O ferreiro tinha uma filha chamada Mariana, “moça de vinte e quatro anos, formas
bonitas, um rosto belo e triste”. Ela demonstrou, desde o início, total disposição para
ajudar Simão no que fosse preciso, passando, além de ajudar Simão, também a admirá-
lo e amá-lo. Mariana tinha um semblante melancólico porque predizia tristezas que
aconteceriam com Simão caso ele continuasse com seu amor por Teresa, amor este
obstruído por egoísmo e orgulho dos pais do casal:
“ ─ Não sei o que me adivinha o coração a respeito de vossa senhoria. Alguma desgraça
está para lhe suceder…” Disse certa vez Mariana ao fidalgo.
Baltasar Coutinho passa a atormentar a vida de Teresa, querendo a todo custo seu
consentimento para o casamento arranjado. Através de ameaças e com o aval de Tadeu,
Baltasar se transforma em um estorvo na consolidação do amor do sofredor casal.

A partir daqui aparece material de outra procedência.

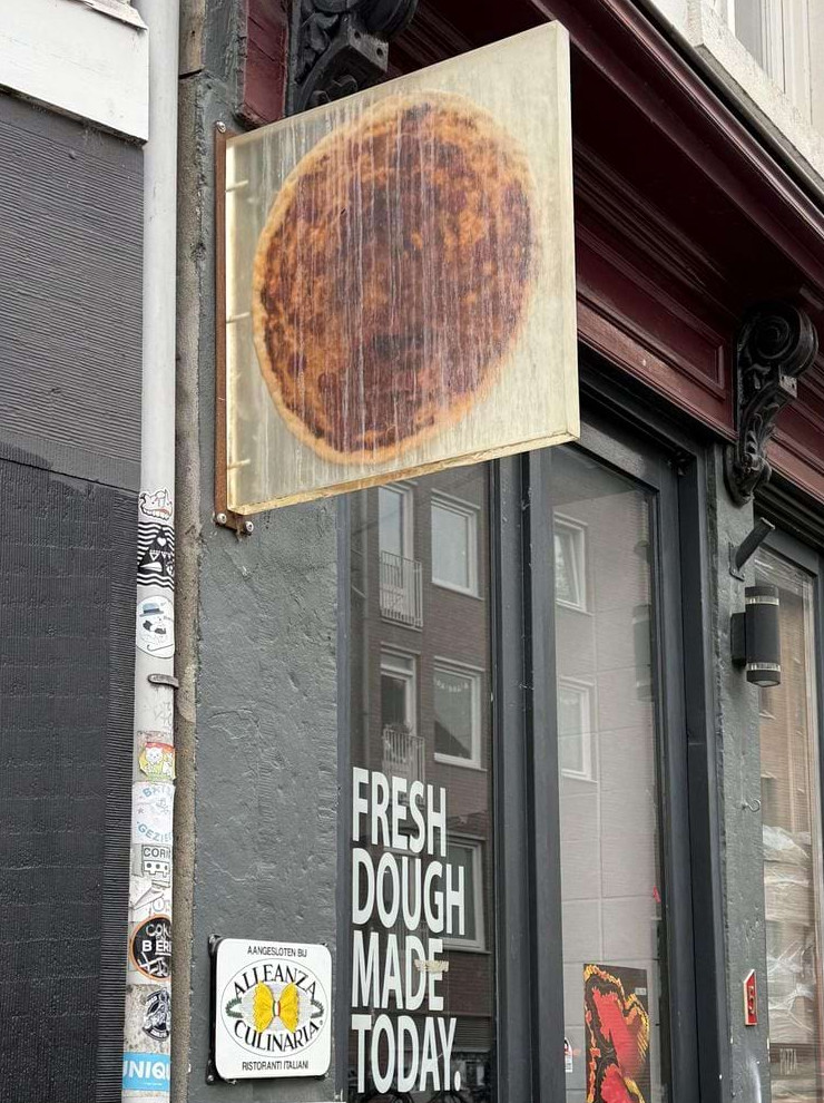 Эта вывеска пиццерии представляет собой настоящую пиццу, покрытую акрилом
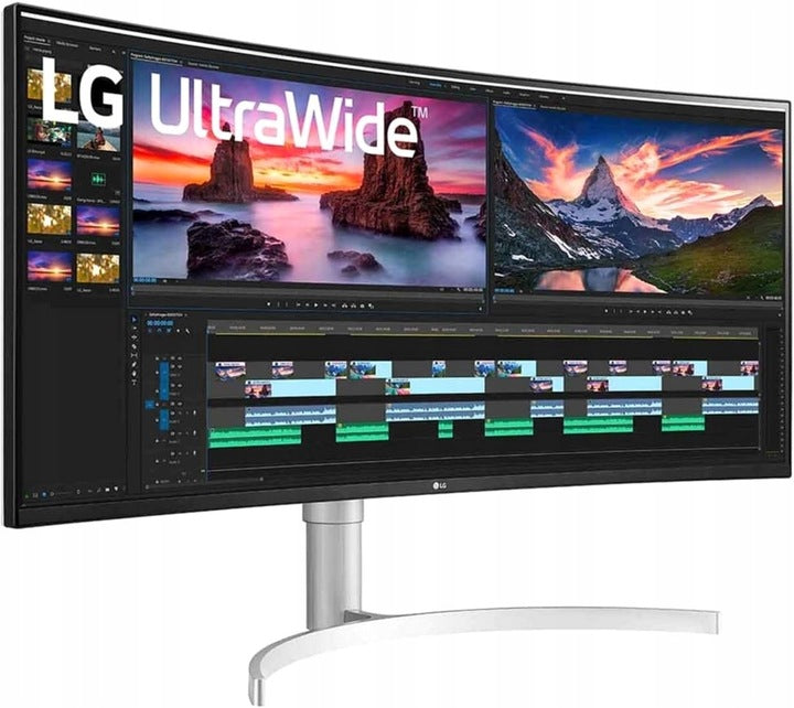 LG 38WN95CP-W. Długość przekątnej ekranu: 96,5 cm (38"), Rozdzielczość: 3840 x 1600 px, Typ HD: Quad HD+, Technologia wyświetlacza: QLED, Czas odpowiedzi (typowy): 1 ms, Natywne proporcje obrazu: 21:9, Kąt widzenia (poziomy): 178°, Kąt widzenia (pionowy): 178°. Wbudowane głośniki. Wbudowany USB hub. Standard VESA, Opcja regulacji wysokości. Kolor produktu: Biały
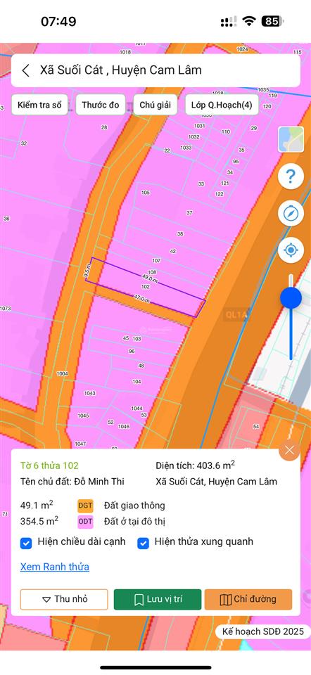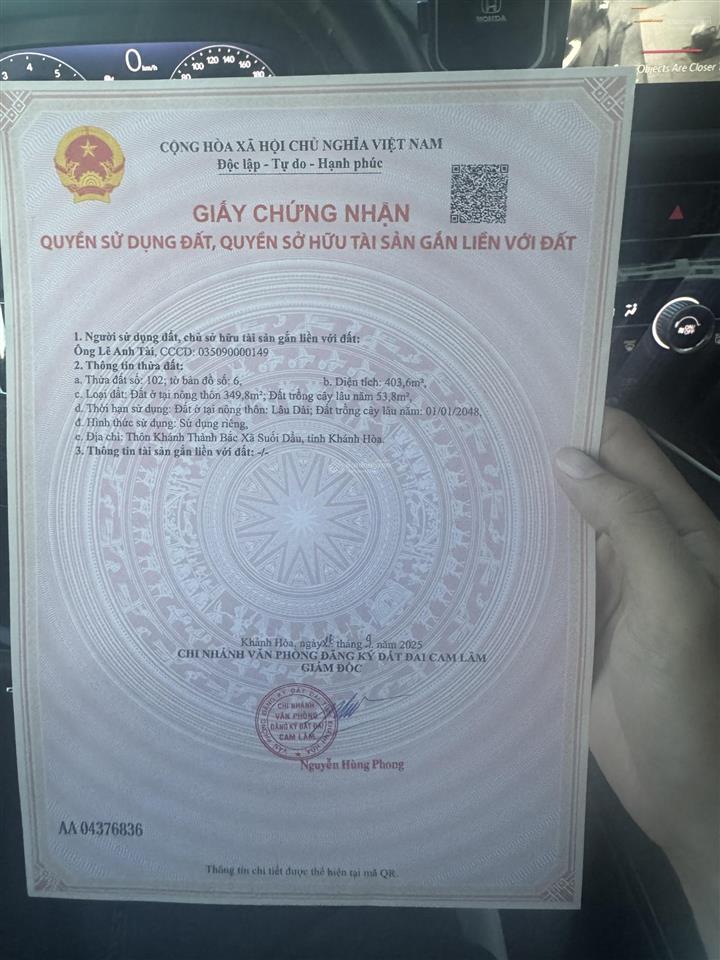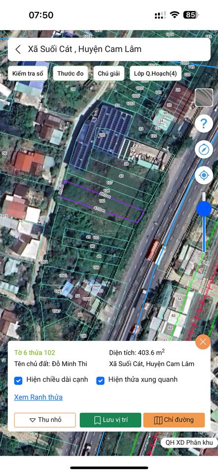 Đất nền có diện tích 403,6 m², 350m² TC tại Quốc lộ 1A, Xã Suối Cát, Cam Lâm, Khánh Hòa.

Depois de algumas tentativas não bem-sucedidas de encontro com Teresa, certa vez
Simão viu-se cara-a-cara com o fidalgo Baltasar Coutinho. Ambos discutiram, e Simão
– com o intuito nobre e extremamente passional de livrar o estorvo da vida de Teresa –
atirara contra o fidalgo de Castro Daire, matando-o instantaneamente. Como
consequência óbvia e imediata, Simão fora preso em Viseu após o fato, e Teresa
transferida para o convento de Monchique, na cidade do Porto.
O pai de Simão nada fazia para tentar tirar o filho da reclusão. Era bem possível que se
quisesse fazê-lo conseguiria relativo êxito, pois detinha o ofício de corregedor, profissão
essa de significativo status e influência persuasiva nos meios jurídicos da época. Mas, a
despeito de tudo isso, Domingos Botelho sempre negava e limitava-se sempre a dizer
isso:
“ ─ Eu não determino nada. Faça de conta que o preso Simão não tem aqui parente
algum.”
Enquanto a Teresa, sua vida tornara-se terrivelmente obscura e lastimosa também. Seu
único entretenimento dentro do convento eram as cartas que escrevia ao detento Simão.

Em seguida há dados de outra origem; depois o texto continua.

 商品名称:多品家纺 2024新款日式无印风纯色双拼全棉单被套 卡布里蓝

A única atividade da rapariga dentro do convento era chorar. Sua tia Constança, a única
companhia que tinha no convento, lamentava-se ao ver diariamente sua sobrinha aos
prantos por causa de um amor impossível de se materializar.

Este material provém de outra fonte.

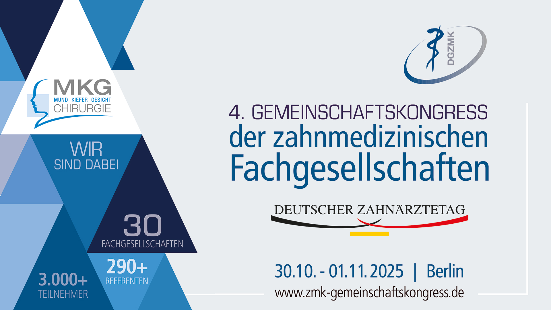 75. Kongress & Praxisführungsseminar der Deutschen Gesellschaft für Mund-, Kiefer- und Gesichtschirurgie im Rahmen des 4. Gemeinshcaftskongresses der zahnmedizinischen Fachgesellschaften vom 30.10 – 01.11.2025 in Berlin gestartet ist.
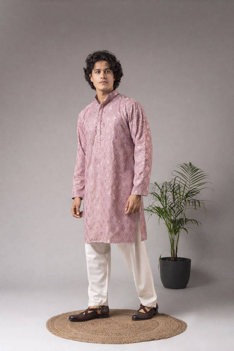 Men's Pink Embroidered Viscose Kurta Set
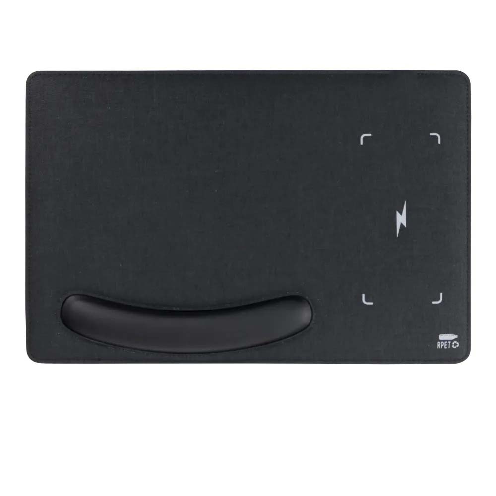 RPET fabric mousepad with an integrated wireless charging area and a wrist rest for added comfort during long desk sessions. Finished with PU for a clean look. Available with logo branding in Dubai/UAE.
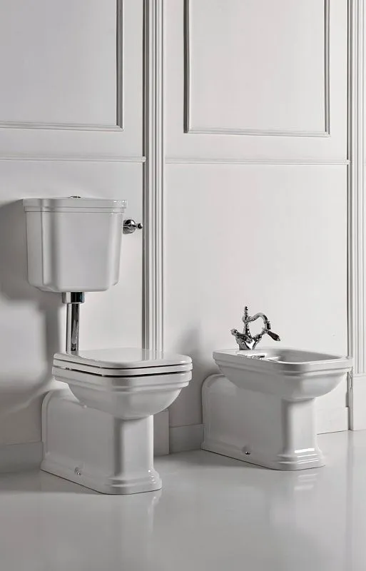 Приставной унитаз Kerasan (Керасан) коллекция Waldorf. Монтаж со средним бачком. Механизм смыва унитаза и крышка-сиденье заказываются отдельно. Материал санфарфор. Цвет белый.
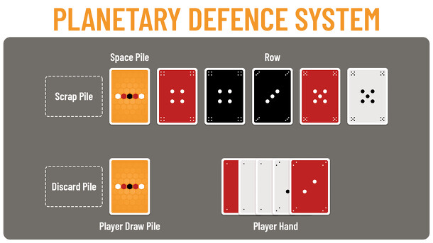 A game made for the Dice Deck by We Heart Games. In this solo deckbuilder, a large group of meteors are heading straight for earth! Build up your defence system to ward them off before they strike. Use white cards to buy new cards from the row, and red cards to damage the black meteor cards in the row. After every turn, new cards cover any cards remaining...
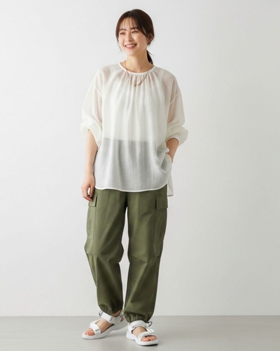 ふんわりブラウスにはすっきりパンツを合わせて、ギャザースカートにはコンパクトなトップスを合わせて…といった感じでメリハリのある着こなしを意識しましょう。
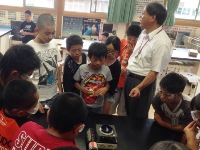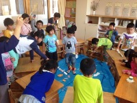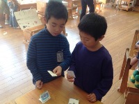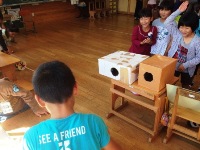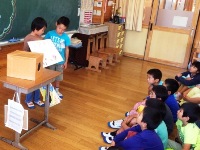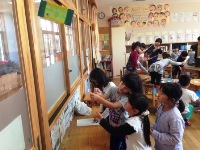 今日は、3時間目に2年生が手づくりのおもちゃで「おもちゃランド」を開き、1年生を招待しました。「魚釣り」や「空気砲」、「ブーメラン」などの様々なおもちゃが用意されていて、とても楽しそうに遊ぶ1年生でした。2年生は、1年生に遊び方を優しく教えてあげたり、おもちゃの設営をしたりして、しっかりとお世話をすることができていました。
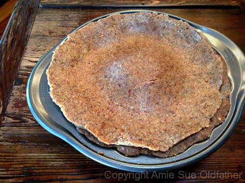 - Flip this over onto the opening of your pan and gently press it into place. You will need to piece it together a bit, just smooth all the edges with your fingertip. You can press lumps of dough around the pan inside, but I found doing it the other way made a nice even layer.

Graças à ternura e solidariedade de Mariana, Simão tinha com quem contar dentro da
prisão. E também deve-se a Mariana o título de ser a intermediadora entre o romance
missivista do casal.
Enfim, foi graças a um tio-avô de Simão que o pai deste pôde repensar sua atitude de
não ajudar o filho a se livrar da prisão. O nome do tio-avô era a António da Veiga, este
que ameaçou se matar caso o pai não “mexesse seus pauzinhos” para tirar o filho da
forca. Infelizmente, tudo que o corregedor conseguiu foi a substituição do cárcere pela
deportação de dez anos do filho para o exílio na Índia.
Mariana decidiu ir com o amado ao exílio. Para ela não restava mais nada na vida a não
se o amor que sentia por Simão, já que o pai desta rapariga morrera assassinado por um
almocreve. Quanto a Teresa, ao saber da resolução do exílio, enlouquecera. Não poderia
imaginar Simão exilado por dez anos.
Enfim, a 17 de Março de 1807, sai do cais de Ribeirinha o navio com os 75 degredados,
entre eles Simão e Mariana. Teresa, vendo do convento o navio transportando os
exilados, suicidara-se.
“ ─ É já o meu espírito que te fala, Simão. A tua amiga morreu. A tua pobre Teresa, à
hora em que leres esta carta, se me Deus não engana, está em descanso”.
Simão, tempos depois de ler a carta, e já com bastante febre provocada pelo enjoo do
mar, falecera no navio pedindo antes que Mariana jogasse todas as cartas que recebera
de Teresa ao mar.
É claro que Mariana fez tudo isso conforme seu amado pediu. Só um detalhe: Mariana
jogou no mar algo mais que as cartas. Jogou no mar si própria, tentando
desesperadamente encontrar ali o corpo cadavérico de Simão que lá estava, arremessado
pelos almirantes do navio às ondas do mar. Mariana morrera, pois, abraçada com o
corpo do fidalgo em alto mar.
É com este final trágico que Camilo Castelo Branco rematou Amor de Perdição.